[RECORDS Boundary: Start]
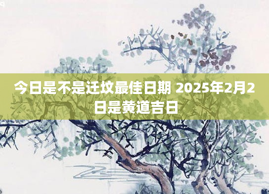 今日是不是迁坟最佳日期 2025年2月2日是黄道吉日当日适合迁坟根据该日的黄历信息分析可得,2025年2月2日为黄道日,黄道日即是民间的黄道吉日,吉日办事可一顺百顺,对事情有着正向积极的促进作用,因此2025年2...2024-12-08最新文章
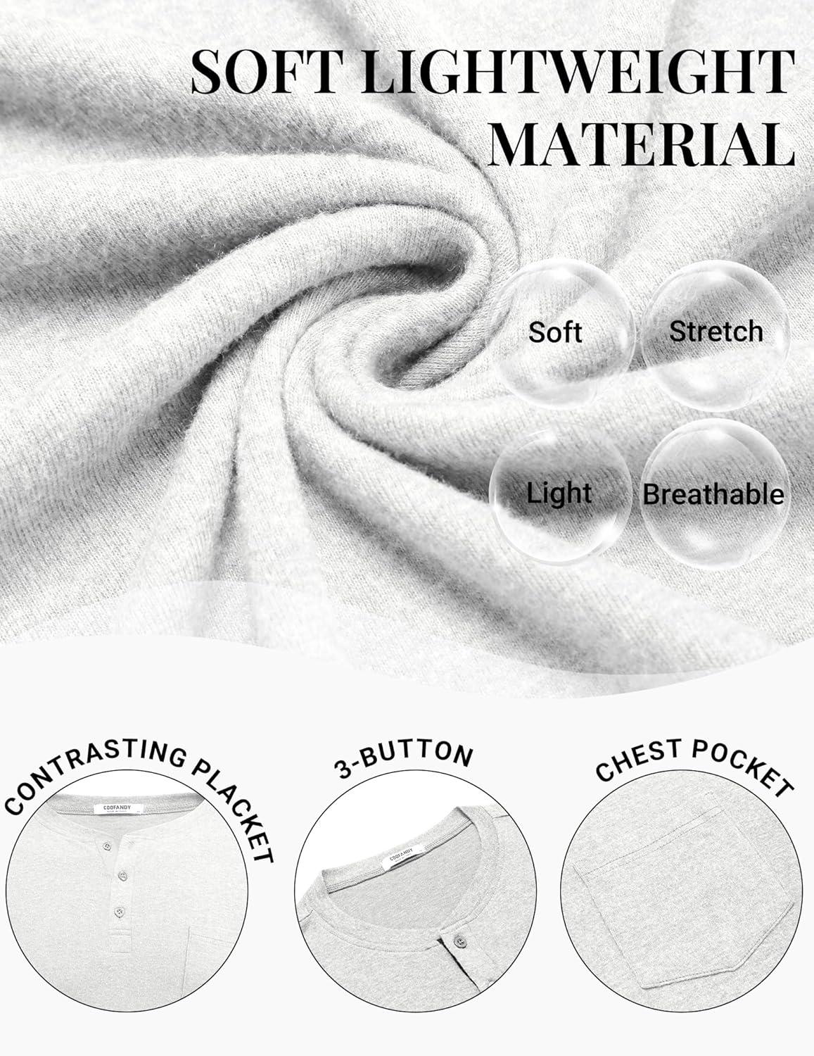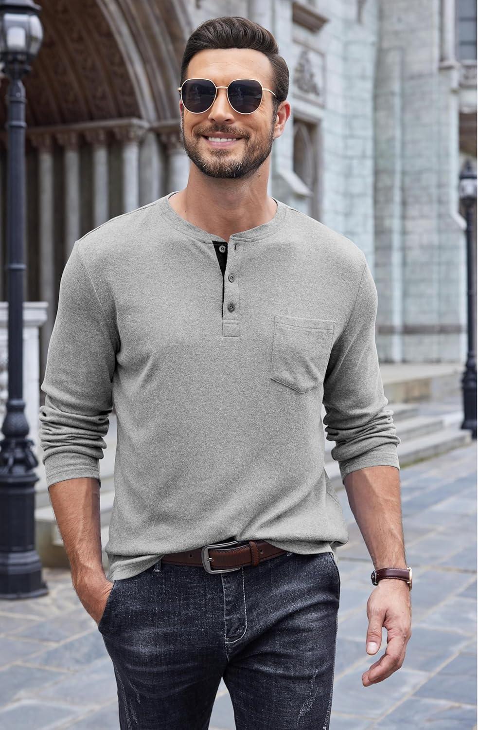 COOFANDY Men Long Sleeve Henley Shirs Casual Basic T Shirts Soild Button Tees with Pockets(Light Gray)
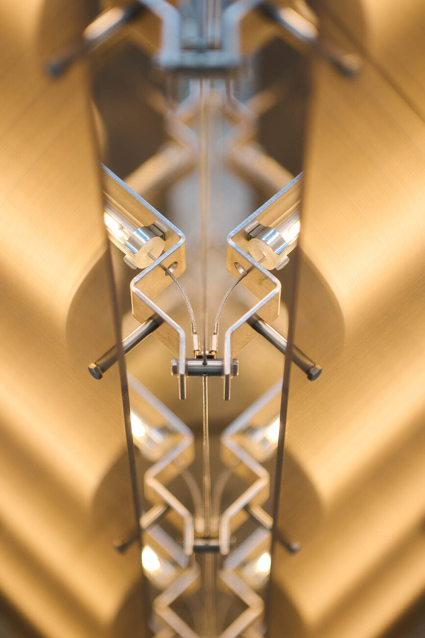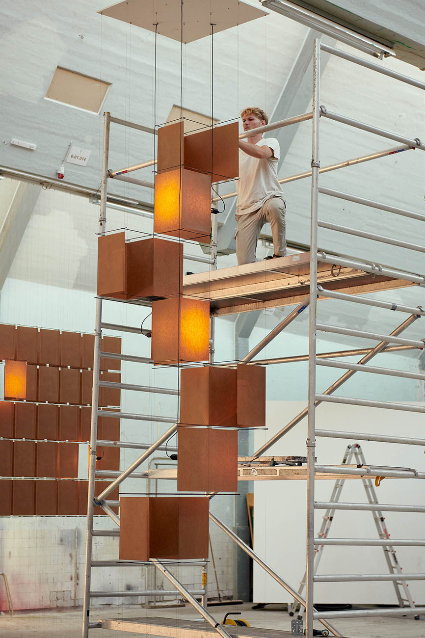 Frederik Gustav: ‘Paperwork’, which we exhibited at The Mindcraft Project in 2022, was our first project with light. As the discipline is associated with numerous technical aspects, we lacked the courage for a long time. In the meantime, light has become a focal point of our work. ‘High Wire’ was our first solo exhibition, which was presented at Til:værks in Østerbro in Copenhagen. Normally, the electrical components in lighting design are hidden. We wanted to challenge that. Instead, we were inspired by the electrical structures of the city, such as antennas, power lines, streetlights or railway systems, where the mass of cables itself forms an enormous sculpture. Following this exhibition, we then developed the ‘Pylon’ lamp series. Another current exhibition project is ‘Reflector’, a luminaire that combines bent steel rods and aluminium shades and can be scaled from a single light source to an extensive architectural installation.
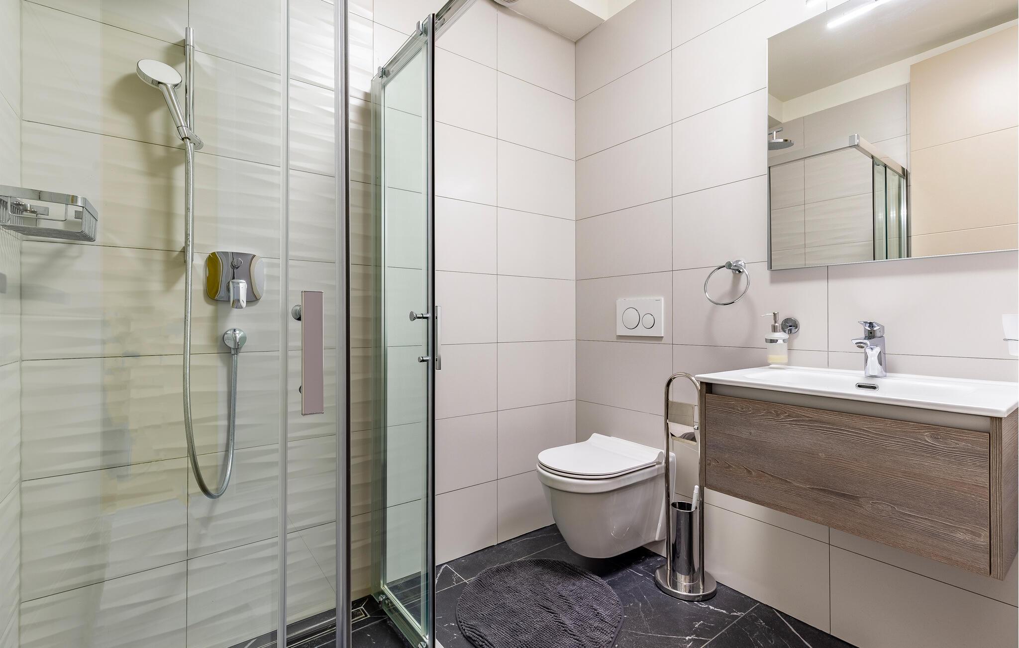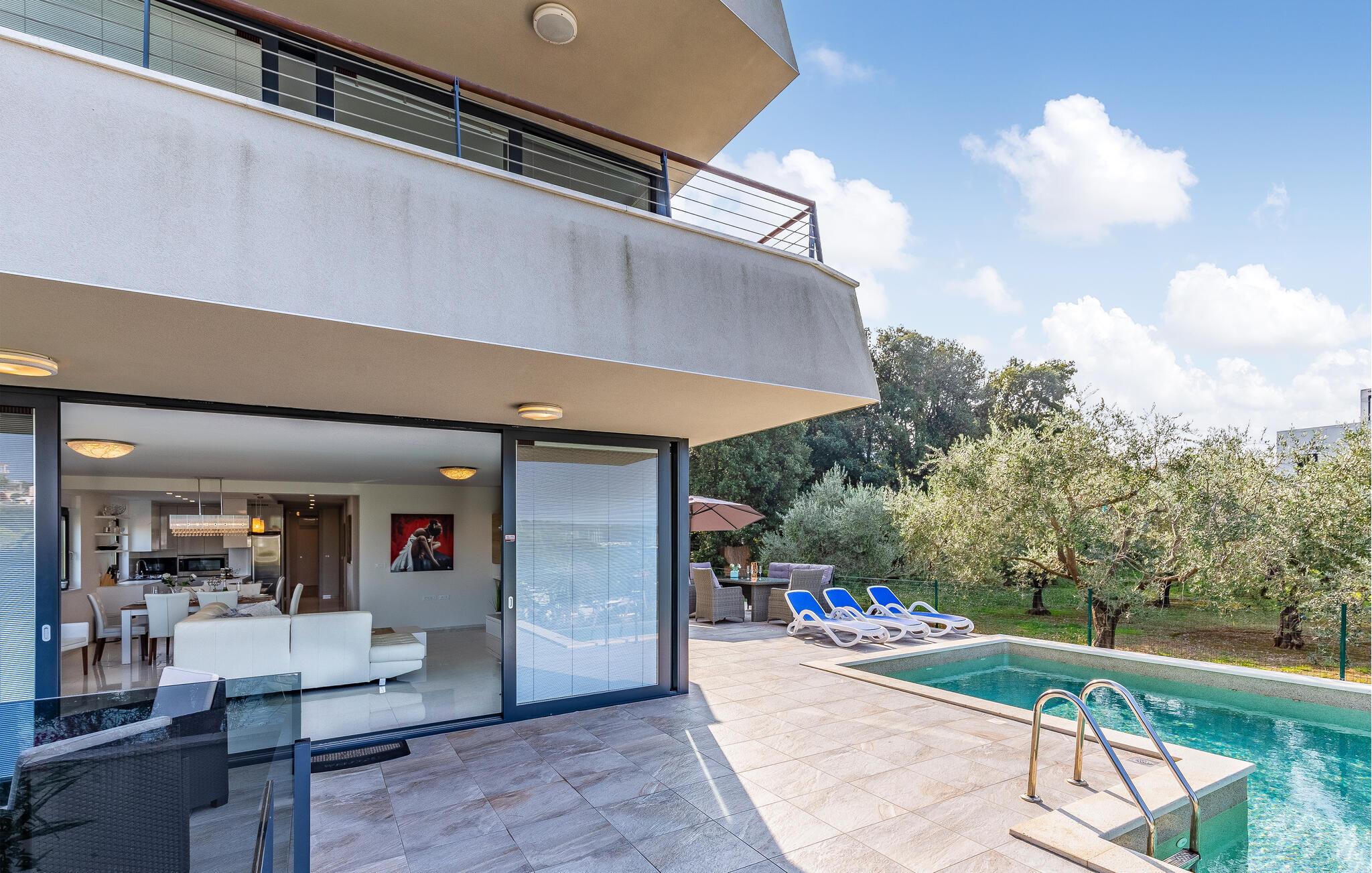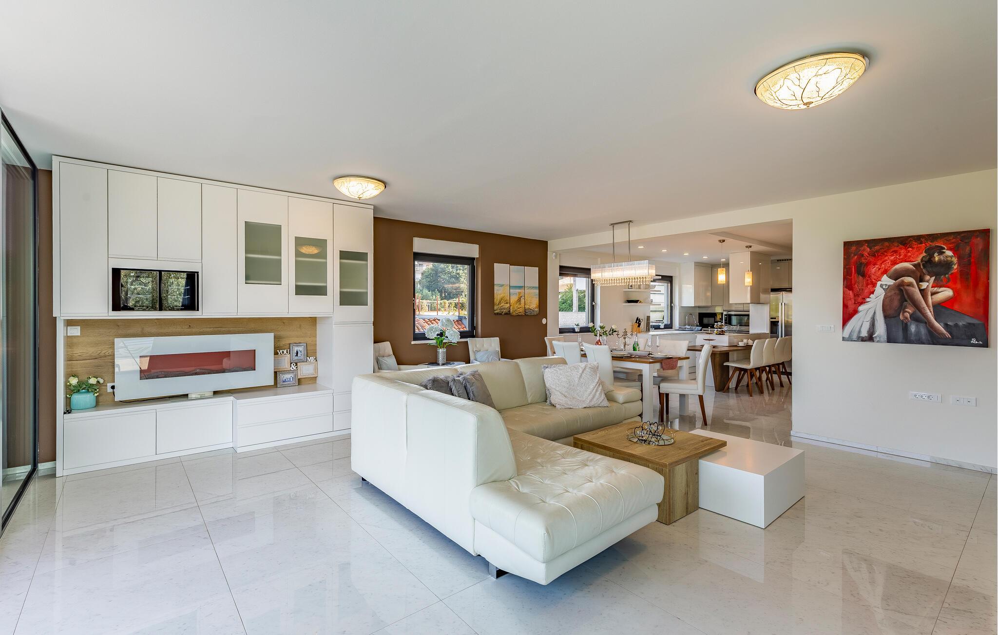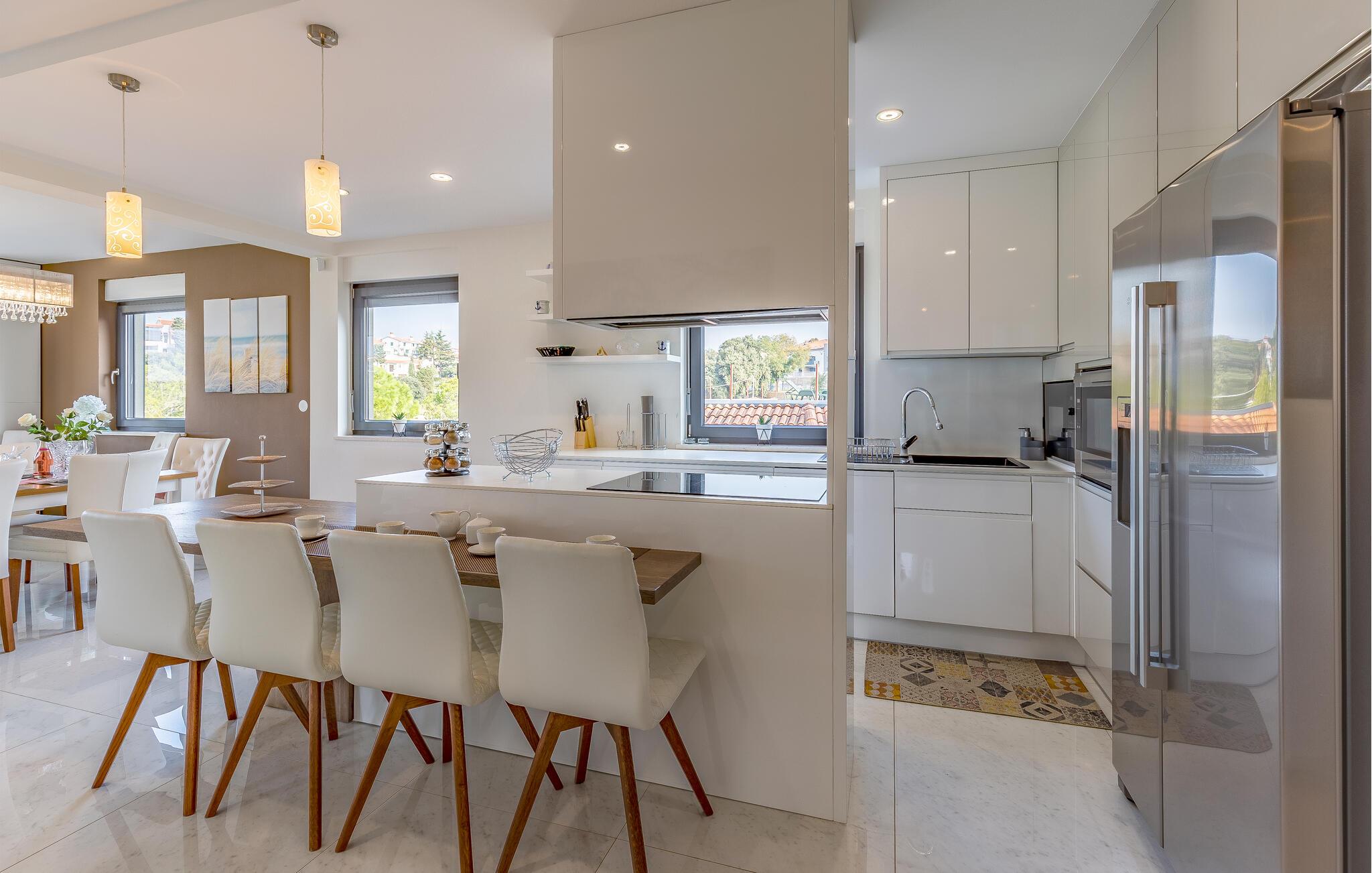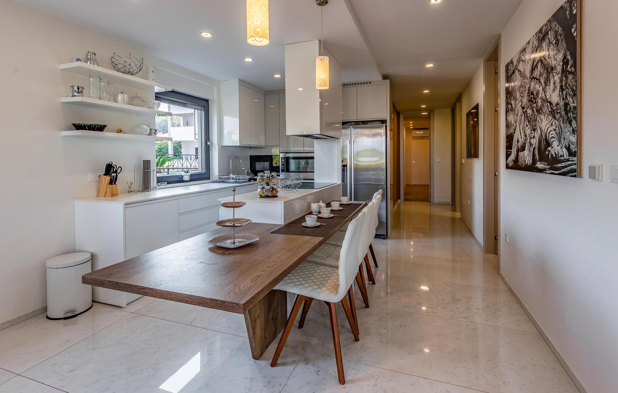Forkæl jer selv med en fantastisk ferie i denne luksuriøse lejlighed lige ved stranden. Denne lejlighed kan ikke kun prale af en førsteklasses beliggenhed ved stranden, men imponerer også med sine elegante møbler og moderne komfort. Store vinduer oversvømmer interiøret med varmt naturligt lys, mens I kan nyde en storslået udsigt over de omkringliggende grønne områder fra den komfortable sofa. Uanset om I streamer jeres yndlingsprogrammer, nyder en sjov spilleaften eller tilbereder lækre måltider sammen, vil I hurtigt glide ind i ferietilstand. Gå ud på terrassen som det første om morgenen og lad jeres blik vandre over den smukke bugt. Tag en dukkert i poolen, svøm et par baner, eller spil vandpolo med børnene. Nyd solen på en af liggestolene eller slap af i det skyggefulde loungeområde med en kølig drink og en god bog. Stranden ligger lige uden for døren, så I kan tage en svømmetur, når I har lyst. Oplev farverige fisk og rev, mens I snorkler eller dykker i Adriaterhavets krystalklare vand. Udforsk omgivelserne til fods eller på cykel, og lad jer fortrylle af middelhavsduften fra fyrreskovene omkring Pješcana Uvala. Tag en slentretur langs havnepromenaden og prøv lokale specialiteter på en af de charmerende restauranter.
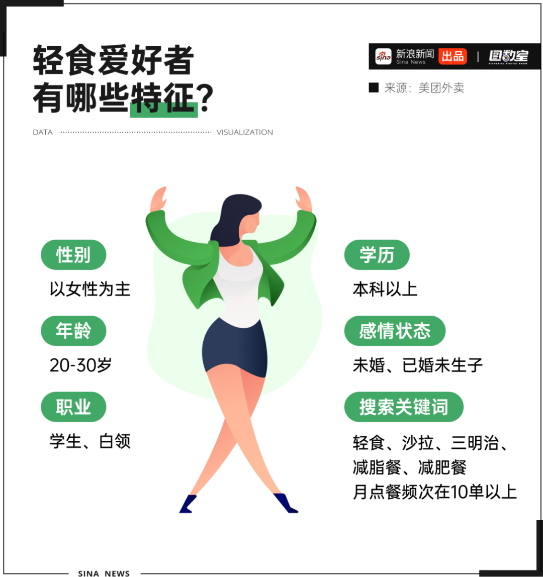 據(jù)美團(tuán)外賣大數(shù)據(jù),輕食的忠實(shí)粉絲以20至30歲年輕女性為主,她們有著高學(xué)歷,對(duì)健康膳食和身體管理追求較高。她們可能是辦公室里的“女強(qiáng)人”,或是校園里的“學(xué)霸女神”,用月點(diǎn)10單的實(shí)際行動(dòng),展示著對(duì)健康生活的熱愛。
[RECORDS Boundary: End]
EXERCISE OBJECTIVE -> What is needed is an exact retyping of the lines from the start of the data through the line with "COOFANDY Men Long", with both end lines kept and every picture left out.

WRITTEN ANSWER ->
 今日是不是迁坟最佳日期 2025年2月2日是黄道吉日当日适合迁坟根据该日的黄历信息分析可得,2025年2月2日为黄道日,黄道日即是民间的黄道吉日,吉日办事可一顺百顺,对事情有着正向积极的促进作用,因此2025年2...2024-12-08最新文章
 COOFANDY Men Long Sleeve Henley Shirs Casual Basic T Shirts Soild Button Tees with Pockets(Light Gray)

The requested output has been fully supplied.